Where the records appear below, transcribe them exactly, leaving none out.

▬▬▬▬▬▬▬▬▬▬

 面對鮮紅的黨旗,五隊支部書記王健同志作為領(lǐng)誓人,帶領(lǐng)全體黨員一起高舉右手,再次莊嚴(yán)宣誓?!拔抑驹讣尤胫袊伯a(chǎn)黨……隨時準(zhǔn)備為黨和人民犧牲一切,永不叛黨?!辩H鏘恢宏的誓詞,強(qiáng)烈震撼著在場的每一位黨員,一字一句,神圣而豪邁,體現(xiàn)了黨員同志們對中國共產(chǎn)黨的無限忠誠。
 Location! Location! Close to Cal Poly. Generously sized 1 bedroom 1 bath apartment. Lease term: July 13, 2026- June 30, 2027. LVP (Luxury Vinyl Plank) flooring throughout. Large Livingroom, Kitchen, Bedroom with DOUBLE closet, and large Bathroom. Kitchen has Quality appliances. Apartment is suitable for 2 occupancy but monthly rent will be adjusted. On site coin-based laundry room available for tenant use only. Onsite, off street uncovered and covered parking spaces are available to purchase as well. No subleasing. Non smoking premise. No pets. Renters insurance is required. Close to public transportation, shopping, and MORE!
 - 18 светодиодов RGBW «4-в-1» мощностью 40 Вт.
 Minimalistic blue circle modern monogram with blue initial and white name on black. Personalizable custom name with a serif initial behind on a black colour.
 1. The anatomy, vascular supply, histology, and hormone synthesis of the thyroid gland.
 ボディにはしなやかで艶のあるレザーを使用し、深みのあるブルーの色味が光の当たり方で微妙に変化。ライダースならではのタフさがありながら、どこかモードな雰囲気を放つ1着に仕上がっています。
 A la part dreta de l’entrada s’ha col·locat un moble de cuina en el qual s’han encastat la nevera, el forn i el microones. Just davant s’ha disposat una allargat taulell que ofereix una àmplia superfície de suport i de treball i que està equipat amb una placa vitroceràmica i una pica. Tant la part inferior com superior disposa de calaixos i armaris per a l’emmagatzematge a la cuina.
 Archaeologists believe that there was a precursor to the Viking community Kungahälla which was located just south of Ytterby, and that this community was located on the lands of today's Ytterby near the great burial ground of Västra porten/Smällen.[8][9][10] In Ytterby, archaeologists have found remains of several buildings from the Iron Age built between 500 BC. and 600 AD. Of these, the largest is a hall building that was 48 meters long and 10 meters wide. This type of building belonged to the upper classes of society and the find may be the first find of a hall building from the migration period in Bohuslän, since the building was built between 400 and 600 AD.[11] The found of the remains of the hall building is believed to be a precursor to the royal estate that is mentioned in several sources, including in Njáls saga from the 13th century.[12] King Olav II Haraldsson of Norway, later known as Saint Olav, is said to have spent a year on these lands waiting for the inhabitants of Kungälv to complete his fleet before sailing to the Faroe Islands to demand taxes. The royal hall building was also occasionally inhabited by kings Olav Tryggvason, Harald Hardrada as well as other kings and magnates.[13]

▬▬▬▬▬▬▬▬▬▬

— PROBLEM SOLUTION —
 面對鮮紅的黨旗,五隊支部書記王健同志作為領(lǐng)誓人,帶領(lǐng)全體黨員一起高舉右手,再次莊嚴(yán)宣誓?!拔抑驹讣尤胫袊伯a(chǎn)黨……隨時準(zhǔn)備為黨和人民犧牲一切,永不叛黨?!辩H鏘恢宏的誓詞,強(qiáng)烈震撼著在場的每一位黨員,一字一句,神圣而豪邁,體現(xiàn)了黨員同志們對中國共產(chǎn)黨的無限忠誠。
 Location! Location! Close to Cal Poly. Generously sized 1 bedroom 1 bath apartment. Lease term: July 13, 2026- June 30, 2027. LVP (Luxury Vinyl Plank) flooring throughout. Large Livingroom, Kitchen, Bedroom with DOUBLE closet, and large Bathroom. Kitchen has Quality appliances. Apartment is suitable for 2 occupancy but monthly rent will be adjusted. On site coin-based laundry room available for tenant use only. Onsite, off street uncovered and covered parking spaces are available to purchase as well. No subleasing. Non smoking premise. No pets. Renters insurance is required. Close to public transportation, shopping, and MORE!
 - 18 светодиодов RGBW «4-в-1» мощностью 40 Вт.
 Minimalistic blue circle modern monogram with blue initial and white name on black. Personalizable custom name with a serif initial behind on a black colour.
 1. The anatomy, vascular supply, histology, and hormone synthesis of the thyroid gland.
 ボディにはしなやかで艶のあるレザーを使用し、深みのあるブルーの色味が光の当たり方で微妙に変化。ライダースならではのタフさがありながら、どこかモードな雰囲気を放つ1着に仕上がっています。
 A la part dreta de l’entrada s’ha col·locat un moble de cuina en el qual s’han encastat la nevera, el forn i el microones. Just davant s’ha disposat una allargat taulell que ofereix una àmplia superfície de suport i de treball i que està equipat amb una placa vitroceràmica i una pica. Tant la part inferior com superior disposa de calaixos i armaris per a l’emmagatzematge a la cuina.
 Archaeologists believe that there was a precursor to the Viking community Kungahälla which was located just south of Ytterby, and that this community was located on the lands of today's Ytterby near the great burial ground of Västra porten/Smällen.[8][9][10] In Ytterby, archaeologists have found remains of several buildings from the Iron Age built between 500 BC. and 600 AD. Of these, the largest is a hall building that was 48 meters long and 10 meters wide. This type of building belonged to the upper classes of society and the find may be the first find of a hall building from the migration period in Bohuslän, since the building was built between 400 and 600 AD.[11] The found of the remains of the hall building is believed to be a precursor to the royal estate that is mentioned in several sources, including in Njáls saga from the 13th century.[12] King Olav II Haraldsson of Norway, later known as Saint Olav, is said to have spent a year on these lands waiting for the inhabitants of Kungälv to complete his fleet before sailing to the Faroe Islands to demand taxes. The royal hall building was also occasionally inhabited by kings Olav Tryggvason, Harald Hardrada as well as other kings and magnates.[13]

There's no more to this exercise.